The most famous backyard in Palm Springs is now for sale. Richard Neutra's Kaufmann House, built in 1946, was immortalized in Slim Aarons's Poolside Gossip photo as the epitome of midcentury glamour in 1970. Last October, it was listed for $25 million, but now the price has been lowered to a relative bargain at $16.95 million.

kaufmann house
Daniel Solomon/Vista Sotheby's International Realty
The Kaufmann House in Palm Springs was built in 1946 by Richard Neutra.

Neutra built the modern, flat-roofed home for Edgar J. Kaufmann, a Pittsburgh department store mogul who also commissioned Frank Lloyd Wright for Fallingwater in Pennsylvania. While the Palm Springs house was not the first house built in the sleek, International Style, Neutra pushed the limits of the architecture with glass walls, Utah stone, and an open-air room that the architect dubbed the “Gloriette.” It now has five bedrooms and six bathrooms from renovations over the years, but its current owners, Brent R. and Beth Harris, carefully restored the building to the best of their abilities (Beth is an architectural historian). This included persuading a closed quarry in Utah to let them source additional stone to match the original and sourcing custom materials like Neutra's specific mix of concrete for the floors.

kaufmann house
Daniel Solomon/Vista Sotheby's International Realty
The living room of the Kaufmann house opens up to the pool, the house was only intended to be lived in 60 days out of the year.

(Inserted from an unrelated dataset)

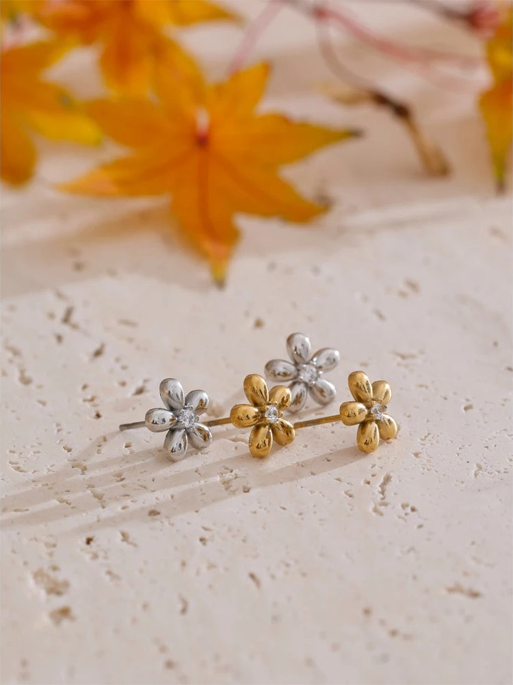 Crafted from stainless steel with a polished finish, these flower-shaped stud earrings feature a sparkling cubic zirconia center for a delicate touch of elegance. Designed with a secure push-back closure, they offer comfortable all-day wear. Available in both gold and platinum tones, these versatile earrings complement a variety of styles and occasions.

The legendary pool with its views of the San Jacinto Mountains is still there (rumor has it Neutra had the pool built first so he could cool off while working on the site), now with the addition of a glass-walled pool house and a tennis court on the lot next door.

kaufmann house gloriette
Daniel Solomon/Vista Sotheby's International Realty
Aluminum louvers around the open-air "Gloriette" protect from wind and sand.

If sold at this price, the house (listed by Sotheby's International), would be the most expensive sale in Palm Springs history. Personally, we think it would make the perfect West Coast headquarters for Town & Country, who's in?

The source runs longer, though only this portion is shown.